═══ DATA PROVIDED
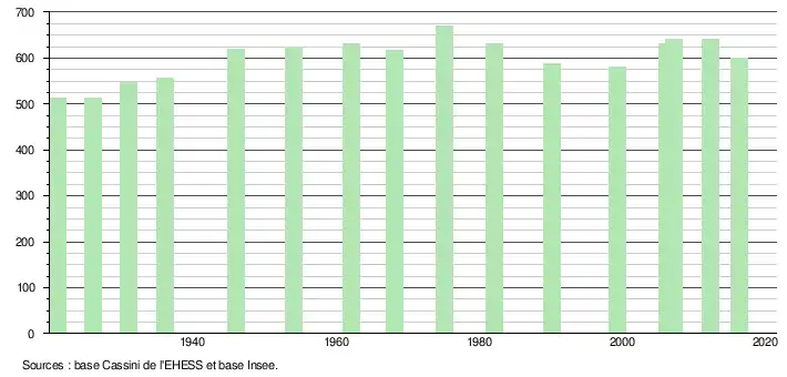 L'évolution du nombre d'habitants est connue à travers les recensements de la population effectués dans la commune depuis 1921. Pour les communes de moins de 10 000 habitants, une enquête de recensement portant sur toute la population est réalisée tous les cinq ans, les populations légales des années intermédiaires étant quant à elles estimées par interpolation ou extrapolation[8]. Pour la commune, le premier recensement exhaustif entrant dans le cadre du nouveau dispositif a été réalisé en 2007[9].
══════
═══ DATA PROVIDED
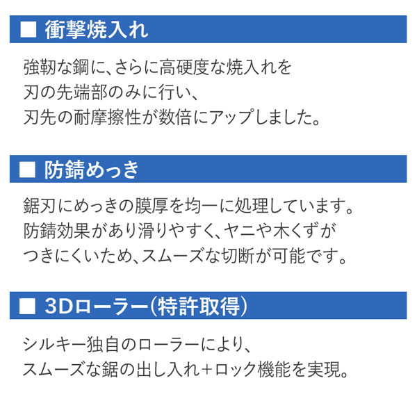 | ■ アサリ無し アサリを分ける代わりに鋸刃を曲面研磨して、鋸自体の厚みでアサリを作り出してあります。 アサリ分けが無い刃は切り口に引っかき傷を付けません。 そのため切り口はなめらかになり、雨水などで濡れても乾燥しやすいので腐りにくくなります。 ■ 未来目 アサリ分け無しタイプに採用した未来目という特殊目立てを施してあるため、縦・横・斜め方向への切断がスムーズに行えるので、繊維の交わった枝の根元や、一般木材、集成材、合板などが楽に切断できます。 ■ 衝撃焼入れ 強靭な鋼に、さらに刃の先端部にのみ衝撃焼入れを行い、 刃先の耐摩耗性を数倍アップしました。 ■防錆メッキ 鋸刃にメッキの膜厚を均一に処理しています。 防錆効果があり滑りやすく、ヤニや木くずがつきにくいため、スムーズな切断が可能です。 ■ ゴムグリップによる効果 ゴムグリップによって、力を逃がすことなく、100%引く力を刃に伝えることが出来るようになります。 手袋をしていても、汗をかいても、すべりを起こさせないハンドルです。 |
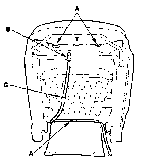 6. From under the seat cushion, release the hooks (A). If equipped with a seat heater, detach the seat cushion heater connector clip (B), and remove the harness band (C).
══════
= PROBLEM =
With the pictures omitted, copy the entries above exactly from the line containing "そのため切り口はなめらかになり、雨水などで濡れても乾燥しやすいので腐りにくくなります。 ■ 未来目" through the line containing "6. From under", both lines included.

= WRITTEN RESPONSE =
 | ■ アサリ無し アサリを分ける代わりに鋸刃を曲面研磨して、鋸自体の厚みでアサリを作り出してあります。 アサリ分けが無い刃は切り口に引っかき傷を付けません。 そのため切り口はなめらかになり、雨水などで濡れても乾燥しやすいので腐りにくくなります。 ■ 未来目 アサリ分け無しタイプに採用した未来目という特殊目立てを施してあるため、縦・横・斜め方向への切断がスムーズに行えるので、繊維の交わった枝の根元や、一般木材、集成材、合板などが楽に切断できます。 ■ 衝撃焼入れ 強靭な鋼に、さらに刃の先端部にのみ衝撃焼入れを行い、 刃先の耐摩耗性を数倍アップしました。 ■防錆メッキ 鋸刃にメッキの膜厚を均一に処理しています。 防錆効果があり滑りやすく、ヤニや木くずがつきにくいため、スムーズな切断が可能です。 ■ ゴムグリップによる効果 ゴムグリップによって、力を逃がすことなく、100%引く力を刃に伝えることが出来るようになります。 手袋をしていても、汗をかいても、すべりを起こさせないハンドルです。 |
 6. From under the seat cushion, release the hooks (A). If equipped with a seat heater, detach the seat cushion heater connector clip (B), and remove the harness band (C).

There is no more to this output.